A long standing open question is whether the distinguisher of high rate alternant codes or Goppa codes \cite{FGOPT11} can be turned into an algorithm recovering the algebraic structure of such codes from the mere knowledge of an arbitrary generator matrix of it. This would allow to break the McEliece scheme as soon as the code rate is large enough and would break all instances of the CFS signature scheme. We give for the first time a positive answer for this problem when the code is {\em a generic alternant code} and when the code field size $q$ is small : $q \in \{2,3\}$ and for {\em all} regime of other parameters for which the aforementioned distinguisher works.
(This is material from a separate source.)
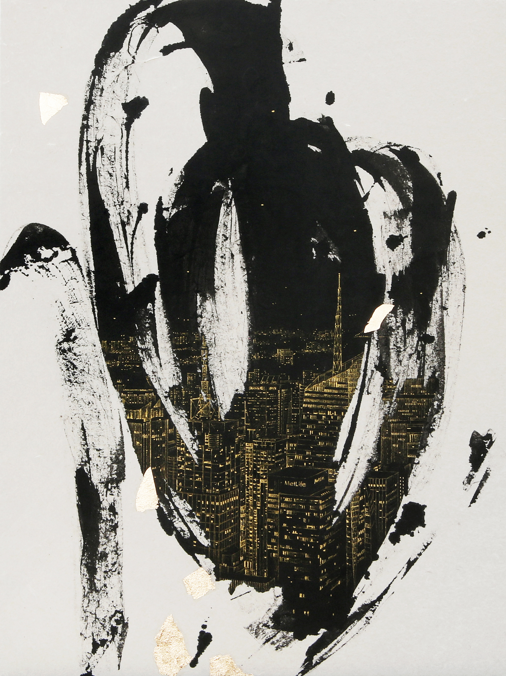 a new challenge – sculpture. The exhibition will feature four wall-mounted sculptures constructed of birch plywood, Park’s signature black paint and gold leaf. Leaving the cityscapes behind, the new works concentrate entirely on the expression of the brush stroke in three dimensions. Of her decision to create sculpture, Park says:

This breakthrough has been obtained by two different ingredients : (i) a way of using code shortening and the component-wise product of codes to derive from the original alternant code a sequence of alternant codes of decreasing degree up to getting an alternant code of degree $3$ (with a multiplier and support related to those of the original alternant code); (ii) an original Gr\"obner basis approach which takes into account the non standard constraints on the multiplier and support of an alternant code which recovers in polynomial time the relevant algebraic structure of an alternant code of degree $3$ from the mere knowledge of a basis for it.
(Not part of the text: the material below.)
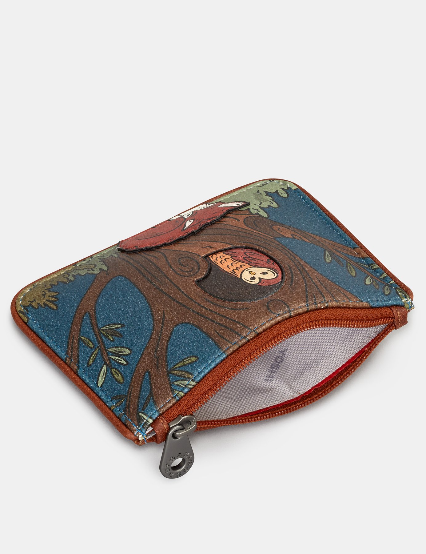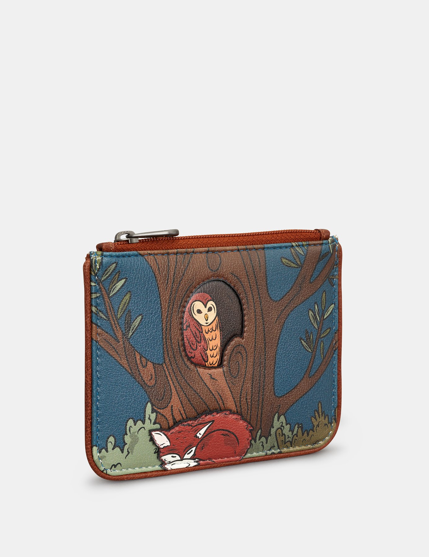 A fox and an owl settle down in the deep dark woods on the front of this zip top leather purse. This women's purse style has RFID Protection and is a lovely compact design which fits nicely into any pocket or bag with space for coins, cards, and bank notes etc.

翻译：一个长期悬而未决的问题是：高码率交替码或Goppa码的区分器 \cite{FGOPT11} 能否转化为一种算法，仅通过该码的任意生成矩阵知识便恢复其代数结构。这将使得只要码率足够大就能破解McEliece方案，并摧毁CFS签名方案的所有实例。我们首次对该问题给出了肯定回答，条件是码为{\em 一般交替码}，且码域大小$q$较小：$q \in \{2,3\}$，并针对前述区分器有效的{\em 所有}其他参数范围。这一突破通过两种不同的要素实现：(i) 利用码缩短和逐分量乘积，从原始交替码导出一系列度数递减的交替码，直至得到度数为$3$的交替码（其乘子与支撑与原始交替码相关）；(ii) 一种原创的Gröbner基方法，该方法考虑了交替码乘子与支撑的非标准约束，仅通过其基的知识即可在多项式时间内恢复度数为$3$的交替码的相关代数结构。